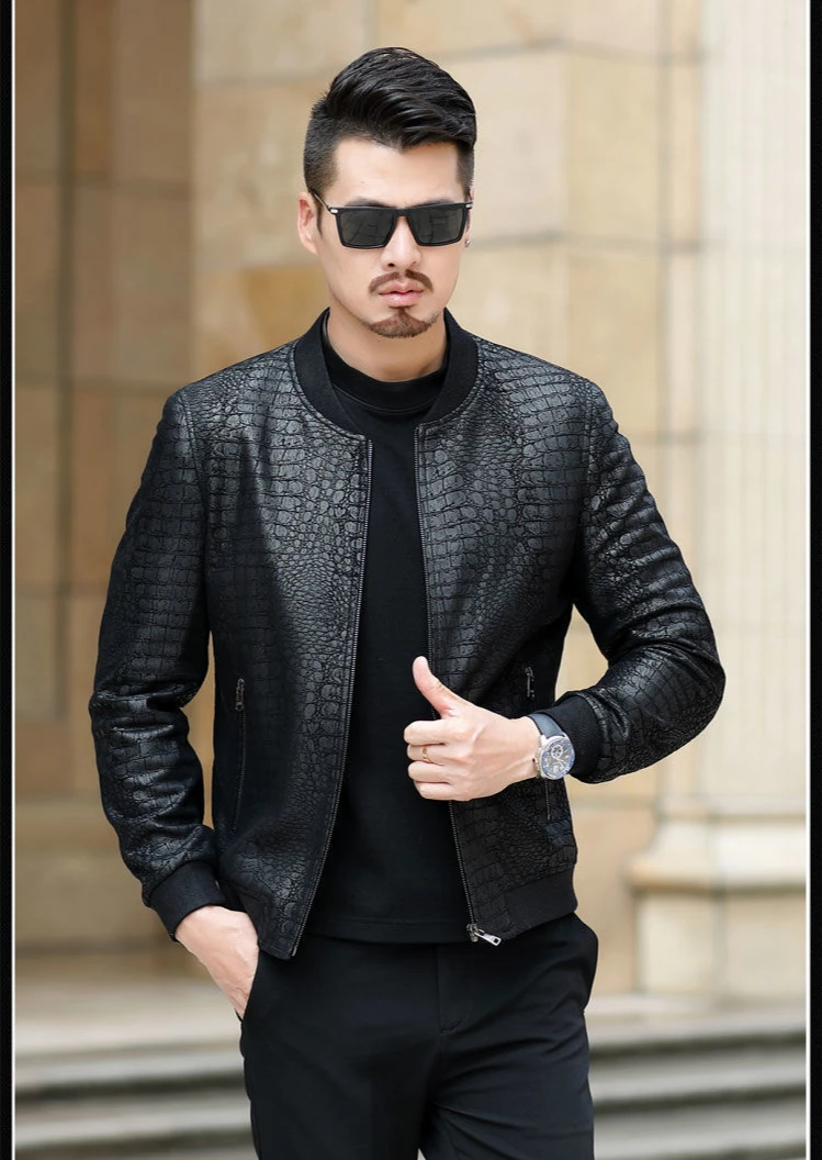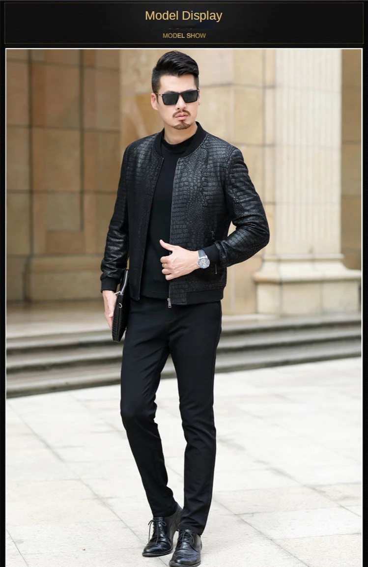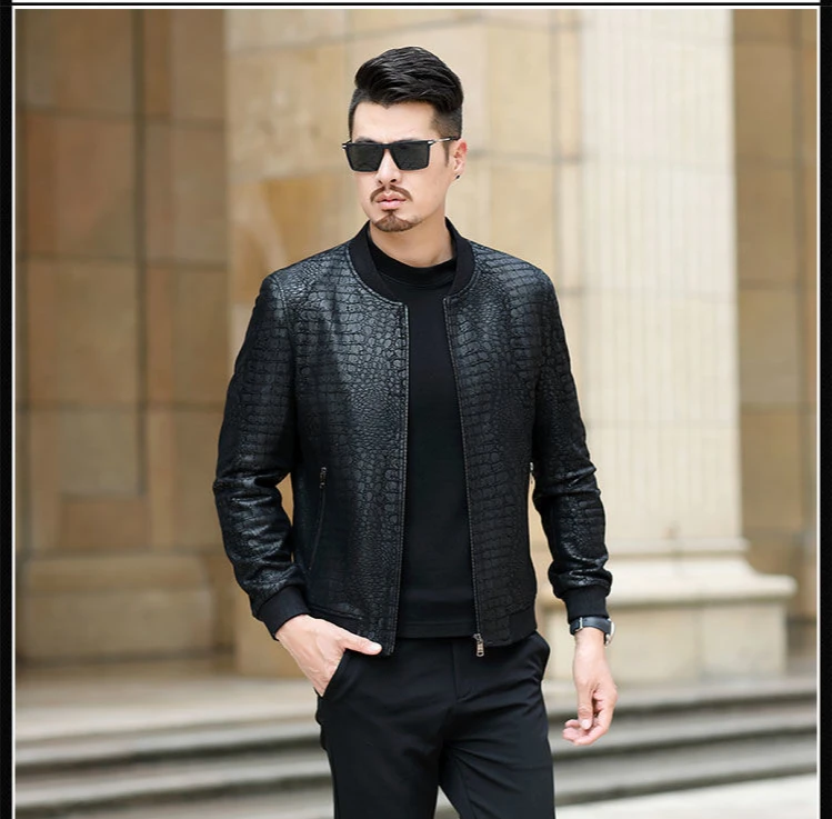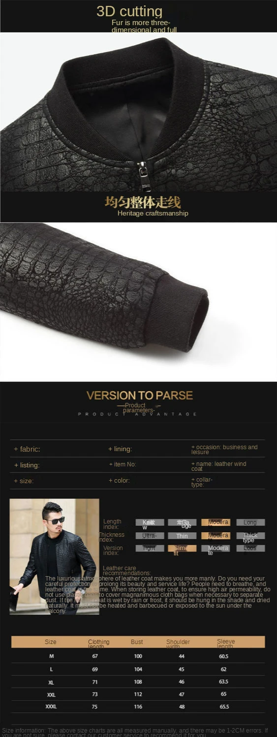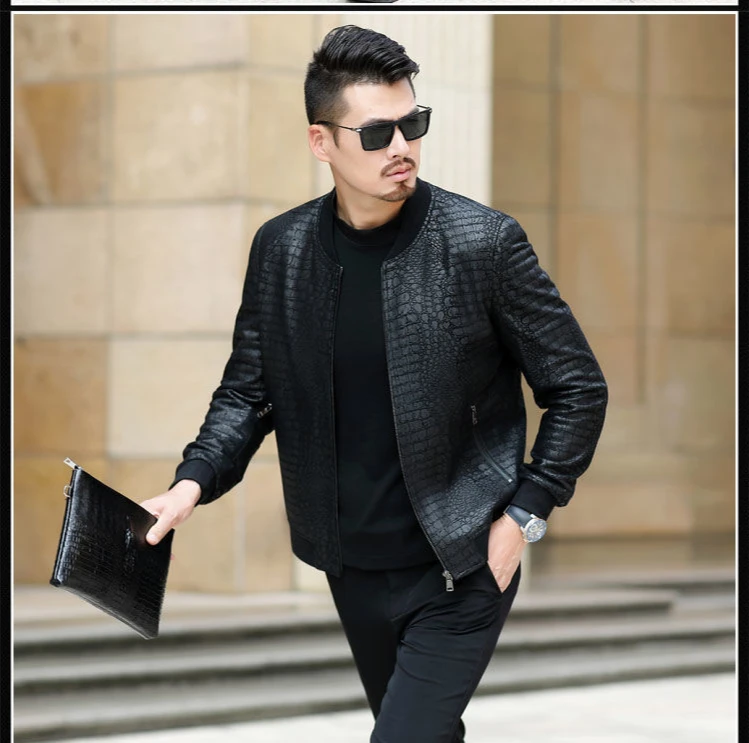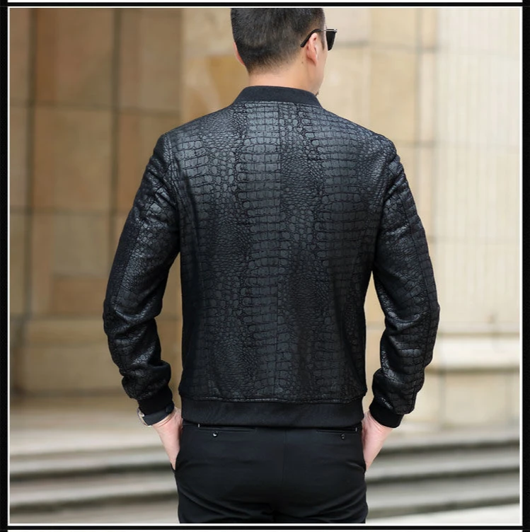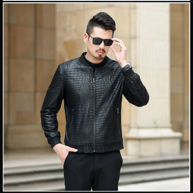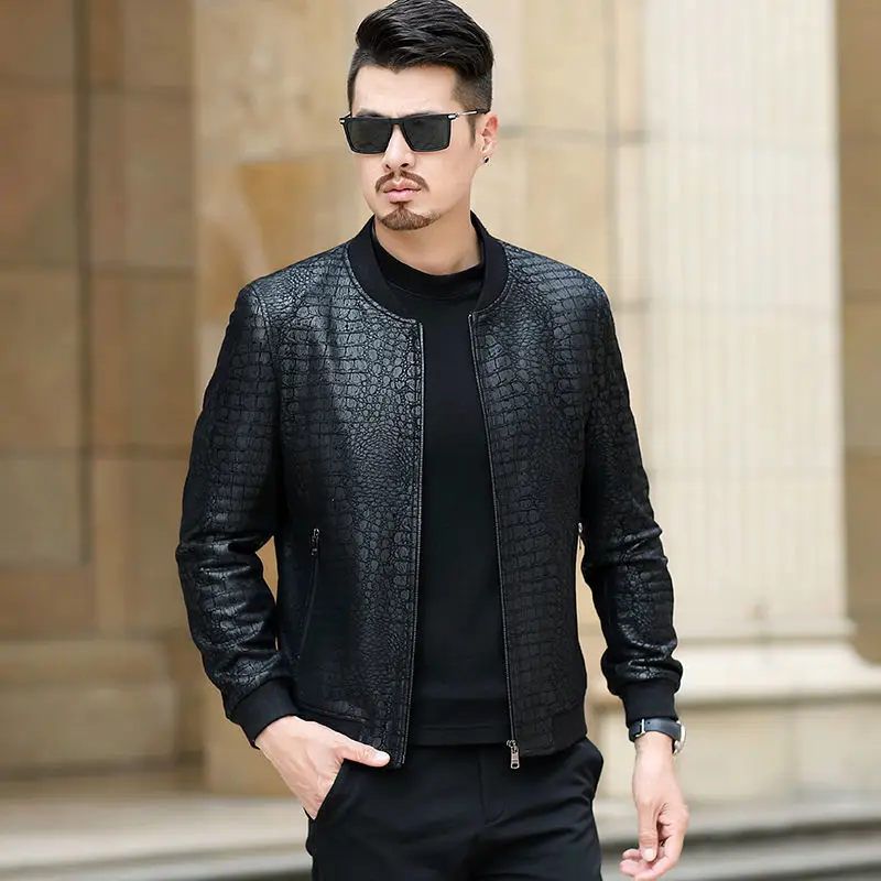 Кожаное пальто для мужчин весна-осень Молодежный корейский стиль однотонный кардиган с воротником-стойкой и длинными рукавами кожаная куртка
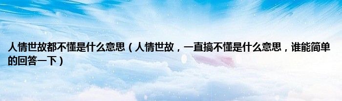 大家好,小常来为大家解答以上问题。人情世故都不懂是什么意思,人情世故,一直搞不懂是什么意思,谁能简单的回答一下很多人还不知道,现在让我们一起来看看吧!
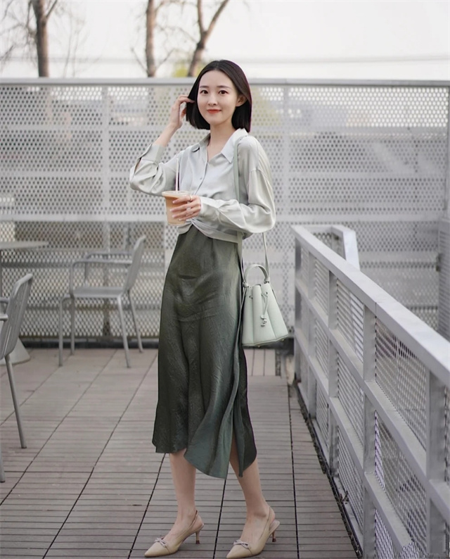 裙子可以多试着穿彩色系配基础色衬衫。想要优雅气质,那就用低饱和低亮度的彩色配衬衫;要活泼时髦,那就用低饱和中高亮度,或高饱和低亮度的彩色裙装搭配。
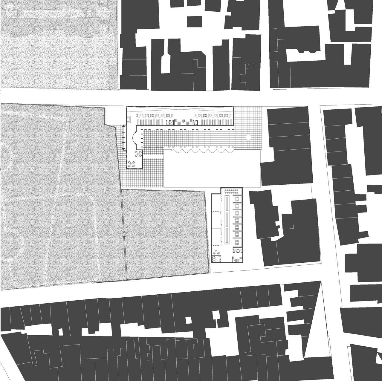 figure ground figure ground of the site and the city of grosseto, showcasing the figural quality of the design in contrast to the surround
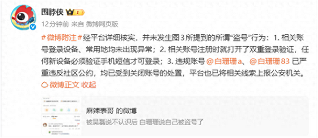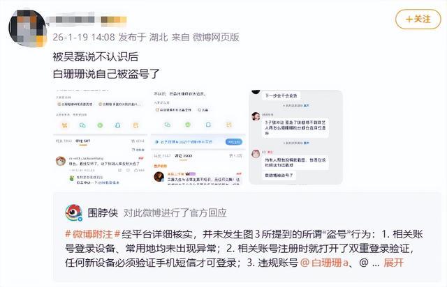 1月19日,有网友举报“被吴磊说不认识后,白珊珊说自己被盗号了”相关内容,@围脖侠发文回应:经平台详细核实,并未发生图3所提到的所谓“盗号”行为:1.相关账号登录设备、常用地均未出现异常;2.相关账号注册时就打开了双重登录验证,任何新设备必须验证手机短信才可登录;3.违规账号@白珊珊a、@白珊珊83已严重违反社区公约,均已受到关闭账号的处置,平台也已将相关线索上报公安机关。
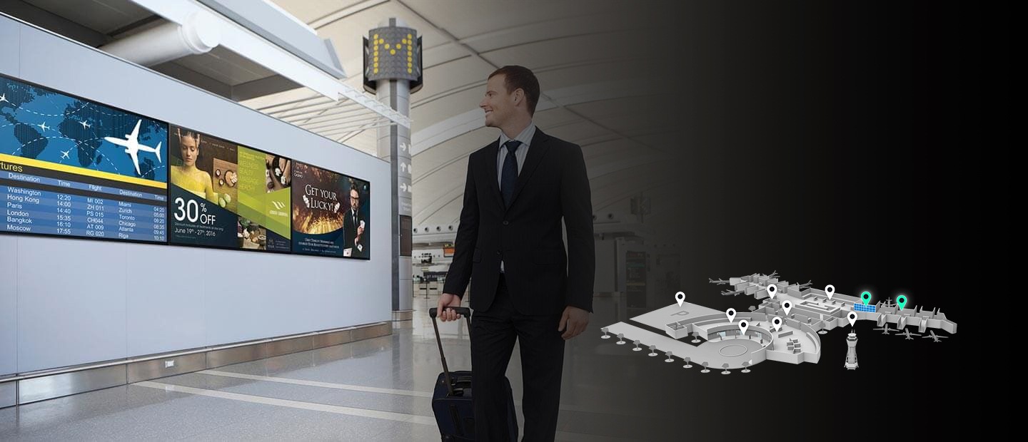 [يشكل تقديم المعلومات الدقيقة، والترويج لرسائل التسوق وخدمات الأغذية والمشروبات (F&B) لزيادة الإيرادات، والحفاظ على جودة التشغيل المتعلقة بأداء المطار وأرباح التشغيل تحدياً بالنسبة إلى المطارات. ويمكن أن تساعد الشاشات الفعالة على معالجة ذلك.]
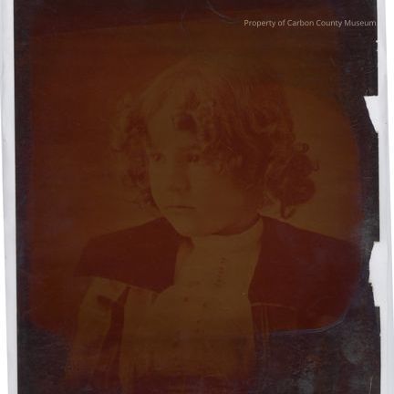 Update 2009: Black and white studio proof print image of young girl with chin length curly hair. Light colored shirt with round pearl buttons at neck above a cravat looking sash. Dark shoulder coverings. Written on back in black ink: "Helen McMicken daughter". Condition poor. Silvering, faded, right edge torn, creased, scratched, fingerprints, accretion, corners ripped off.Collection
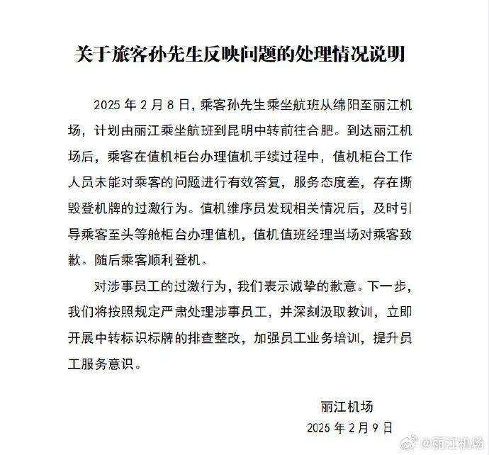 2月9日,云南丽江,有网友发视频称,其在云南丽江三义国际机场转机时与值机员发生口角,值机员撕掉其登机牌。当日晚,丽江机场发布情况说明就此事向乘客致歉,并表示将按照规定严肃处理涉事员工。
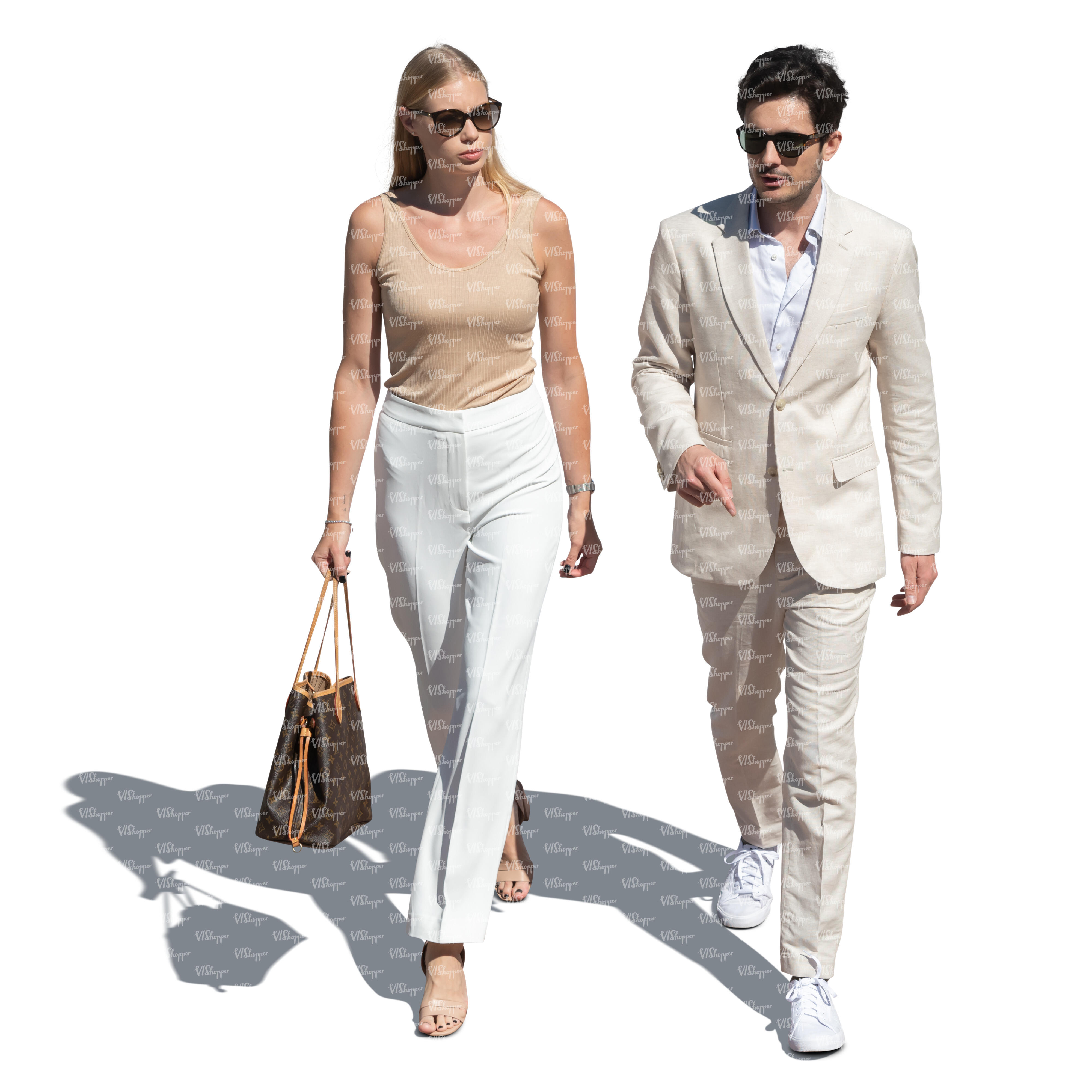 • cut out man and woman in light coloured summer outfits walking seen from above
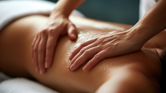 Body massage treatment. Woman having massage in the spa salon. Masseur working on his back.
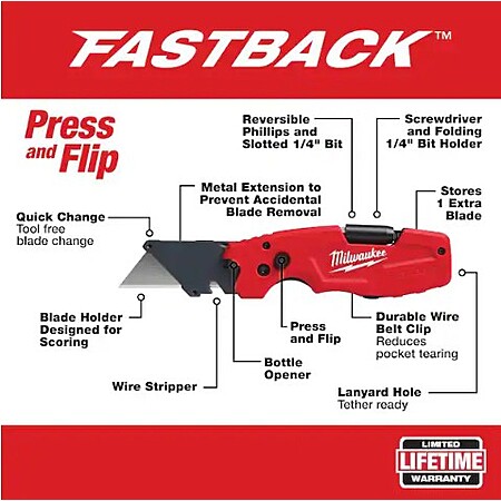 Milwaukee FASTBACK 5- In-1 Folding Knife with 3 in. Blade + FASTBACK 6-in-1 Folding Utility Knife (2-Piece) - Home Depot $34.97
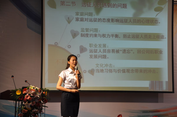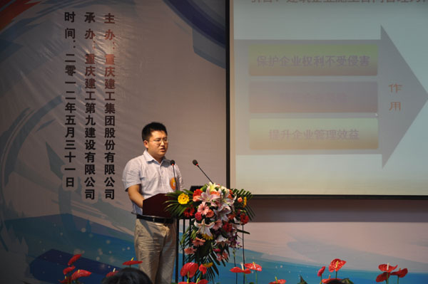 两位选手从论文的撰写到多媒体课件的制作,从演讲语言到舞台动作,都呈现出亮点。第一位参赛选手包旭的论文《浅析建筑企业施工合同管理》逻辑缜密,语言朴实,深入剖析了建筑企业施工合同管理的现状,并提供了切实可行的进步方案,这篇论文长达16页,将近一万字,成为此次论坛篇幅最长的论文。在演讲台上,作为公司人力资源部经理的他,展现了青年人少有的成熟与稳重,戴上眼镜,俨然一副“学术范儿”,条分缕析,娓娓道来。
========================
**Task description**
Only the lines from the one with "Body massage treatment." through the end of the listing above should be output, exactly as written and with no pictures.

**Response area**
 Body massage treatment. Woman having massage in the spa salon. Masseur working on his back.
 Milwaukee FASTBACK 5- In-1 Folding Knife with 3 in. Blade + FASTBACK 6-in-1 Folding Utility Knife (2-Piece) - Home Depot $34.97
 两位选手从论文的撰写到多媒体课件的制作,从演讲语言到舞台动作,都呈现出亮点。第一位参赛选手包旭的论文《浅析建筑企业施工合同管理》逻辑缜密,语言朴实,深入剖析了建筑企业施工合同管理的现状,并提供了切实可行的进步方案,这篇论文长达16页,将近一万字,成为此次论坛篇幅最长的论文。在演讲台上,作为公司人力资源部经理的他,展现了青年人少有的成熟与稳重,戴上眼镜,俨然一副“学术范儿”,条分缕析,娓娓道来。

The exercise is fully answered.